有力な農民は、荘園領主や地頭を通り越して守護大名と直接主従関係を結び、「地侍」という身分を獲得。のち、庄屋へとつながる

<一揆>

江戸時代の百姓一揆のイメージが強いが、これとは違う。「揆(みち)」を一つにするという意味で、連帯と平等が基本。一味同心が精神、一味神水が儀式。起請文を焼いて灰と神水を混ぜて回し飲む儀式を行う。

国人(地頭で領主層に成長した者)の指導する地域的な一揆を「国人一揆」とも呼ぶが、一揆とは団結した集団を指し、「国人一揆」の他にも、「土一揆」、「馬借一揆」などが知られる。中世では個々の力ではなしえない目的を実現するために宗教もたびたび利用された。 

①正長の土一揆(1428)「日本開白以来、土民蜂起是れ初めなり」(近江の馬借一揆にはじまる)

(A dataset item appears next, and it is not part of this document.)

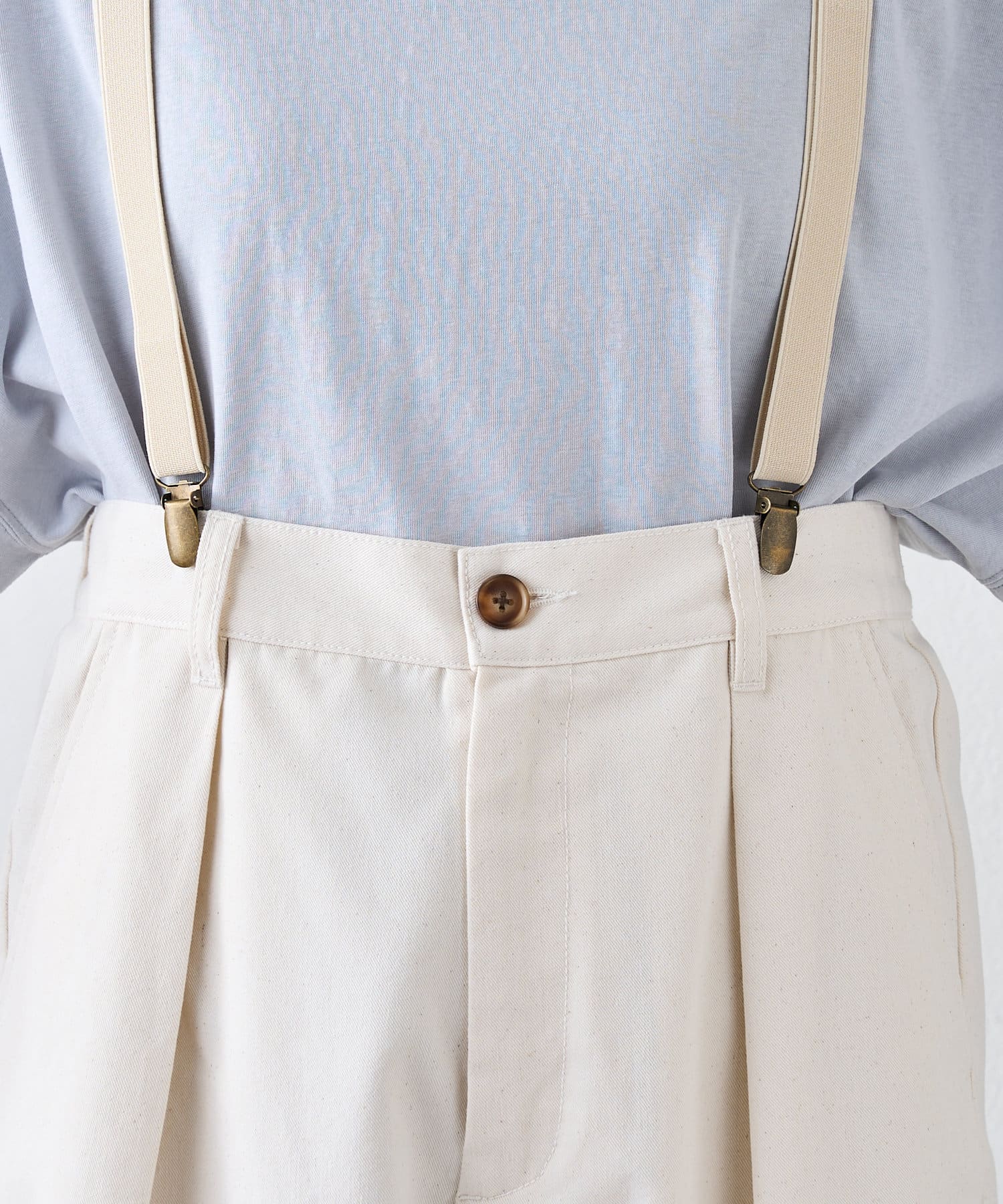 サスペンダーは付け外し可能なのであらゆる着こなしができます。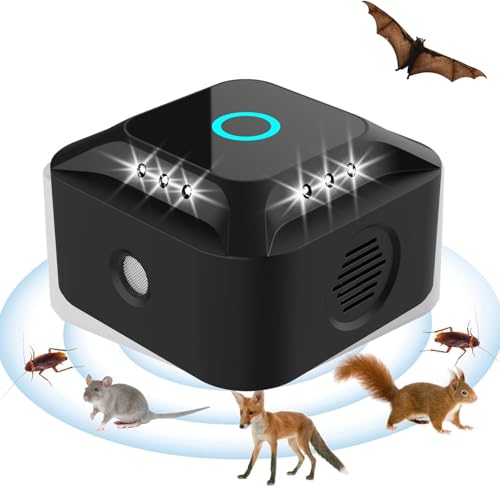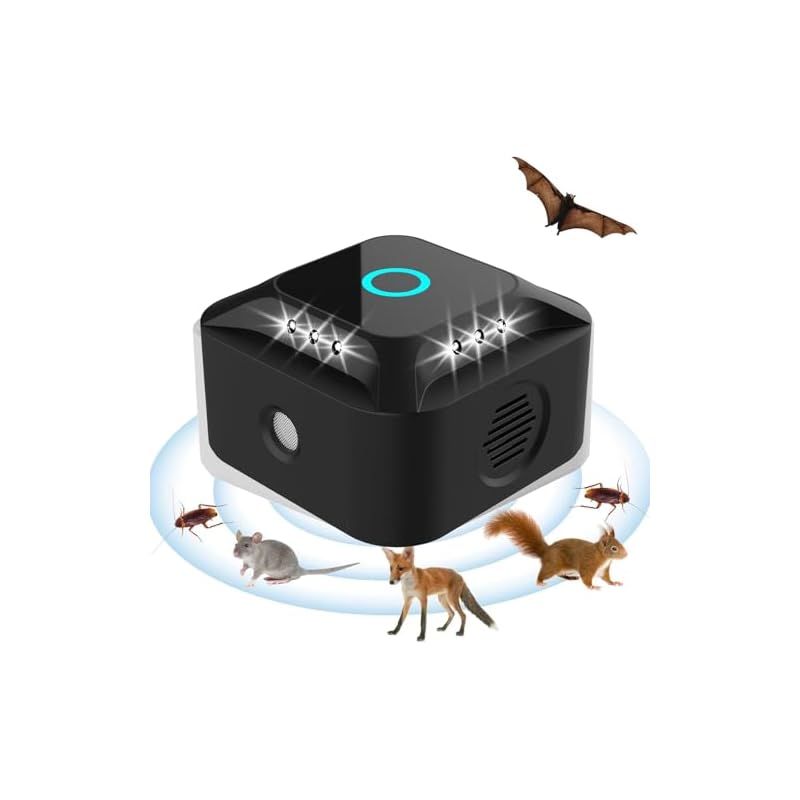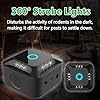 Especificaciones: Ultrasonido para ratas, repelente ultrasónico para ratones, ratones y ratas 360° con luz LED repelente ultrasónico disuasores para ratones roedores parásitos ratas, arañas, polillas y hormigas

②播磨の土一揆(1429)「侍をして国中に在らしむべからず」

③嘉吉の土一揆(1441)「代始めに此の沙汰は先例と称す」

④山城の国一揆(1485)「今度両院の時宜を申し定めん」

⑤加賀の一向一揆(1488)「百姓の待ちたる国のやうになり行き候」

<正ちゃん はりきり 柿食って 山の かかしと 一向一揆>(石黒先生)

 
 

倭寇について

高麗は前期倭寇によって滅ぼされたというくらい被害にあった。朝鮮半島だけで400件の襲撃を受けた。倭寇の内実は極めて多様。
後期倭寇は勘合貿易中断(1551年)後、王直(~1559)ら中国人を中心に活発。秀吉の海賊停止令まで続く。
【倭寇】
前期倭寇⇒高麗滅亡⇒李氏朝鮮⇒応永の外寇⇒三浦の乱⇒後期倭寇⇒秀吉の海賊停止令
1368年 明が建国
1392年 李成桂(1335~1408)が李氏朝鮮を建国。
1419年 応永の外寇(朝鮮の目的は倭寇の撃滅にあるというが…、実質は対馬侵略を試みて?宗家にぼろ負け。)
1443年 癸亥条約(きがいじょうやく:宗氏と朝鮮の間)
1510年 三浦の乱(これにより日朝貿易はふるわなくなる)
1523年 寧波の乱で大内氏が細川氏に勝利【さらに詳しく
1551年 大内氏滅亡で勘合貿易中断
1559年 王直捕殺で後期倭寇は衰えを見せる
1588年 豊臣秀吉の海賊停止令で倭寇は後を絶つ。